DATA BLOCK
-- Opening Marker --
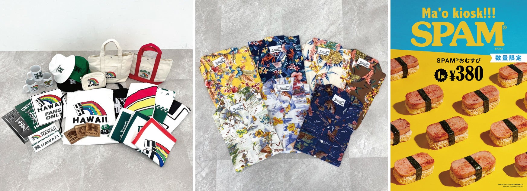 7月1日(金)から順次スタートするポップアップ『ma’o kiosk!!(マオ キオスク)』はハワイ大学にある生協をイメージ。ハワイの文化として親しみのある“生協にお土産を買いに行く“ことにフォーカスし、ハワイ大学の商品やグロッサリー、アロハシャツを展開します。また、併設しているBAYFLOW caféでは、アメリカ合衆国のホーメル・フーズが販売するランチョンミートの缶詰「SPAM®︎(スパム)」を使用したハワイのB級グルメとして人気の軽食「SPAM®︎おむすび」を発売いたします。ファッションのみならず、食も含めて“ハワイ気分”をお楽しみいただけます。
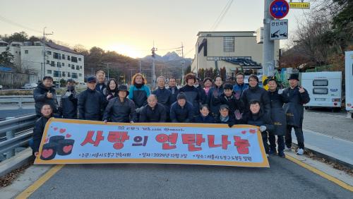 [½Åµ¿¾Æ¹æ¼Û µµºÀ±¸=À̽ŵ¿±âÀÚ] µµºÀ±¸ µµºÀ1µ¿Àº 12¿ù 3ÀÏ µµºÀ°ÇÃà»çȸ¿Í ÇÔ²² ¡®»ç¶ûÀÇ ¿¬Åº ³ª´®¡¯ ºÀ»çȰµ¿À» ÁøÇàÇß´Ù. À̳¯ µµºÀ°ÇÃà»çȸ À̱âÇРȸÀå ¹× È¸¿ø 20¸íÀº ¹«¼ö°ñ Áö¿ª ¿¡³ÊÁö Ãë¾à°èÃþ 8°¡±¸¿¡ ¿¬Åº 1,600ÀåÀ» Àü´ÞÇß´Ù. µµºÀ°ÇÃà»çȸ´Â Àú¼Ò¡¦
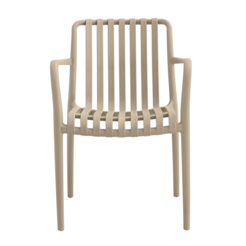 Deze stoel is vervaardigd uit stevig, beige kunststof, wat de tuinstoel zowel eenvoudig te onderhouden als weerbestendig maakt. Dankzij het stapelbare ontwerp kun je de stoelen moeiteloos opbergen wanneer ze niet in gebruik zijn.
-- Closing Marker --
ASSIGNMENT
Retype the listing above exactly as it appears, omitting the pictures.

ANSWER FOR THE TASK
 7月1日(金)から順次スタートするポップアップ『ma’o kiosk!!(マオ キオスク)』はハワイ大学にある生協をイメージ。ハワイの文化として親しみのある“生協にお土産を買いに行く“ことにフォーカスし、ハワイ大学の商品やグロッサリー、アロハシャツを展開します。また、併設しているBAYFLOW caféでは、アメリカ合衆国のホーメル・フーズが販売するランチョンミートの缶詰「SPAM®︎(スパム)」を使用したハワイのB級グルメとして人気の軽食「SPAM®︎おむすび」を発売いたします。ファッションのみならず、食も含めて“ハワイ気分”をお楽しみいただけます。
 [½Åµ¿¾Æ¹æ¼Û µµºÀ±¸=À̽ŵ¿±âÀÚ] µµºÀ±¸ µµºÀ1µ¿Àº 12¿ù 3ÀÏ µµºÀ°ÇÃà»çȸ¿Í ÇÔ²² ¡®»ç¶ûÀÇ ¿¬Åº ³ª´®¡¯ ºÀ»çȰµ¿À» ÁøÇàÇß´Ù. À̳¯ µµºÀ°ÇÃà»çȸ À̱âÇРȸÀå ¹× È¸¿ø 20¸íÀº ¹«¼ö°ñ Áö¿ª ¿¡³ÊÁö Ãë¾à°èÃþ 8°¡±¸¿¡ ¿¬Åº 1,600ÀåÀ» Àü´ÞÇß´Ù. µµºÀ°ÇÃà»çȸ´Â Àú¼Ò¡¦
 Deze stoel is vervaardigd uit stevig, beige kunststof, wat de tuinstoel zowel eenvoudig te onderhouden als weerbestendig maakt. Dankzij het stapelbare ontwerp kun je de stoelen moeiteloos opbergen wanneer ze niet in gebruik zijn.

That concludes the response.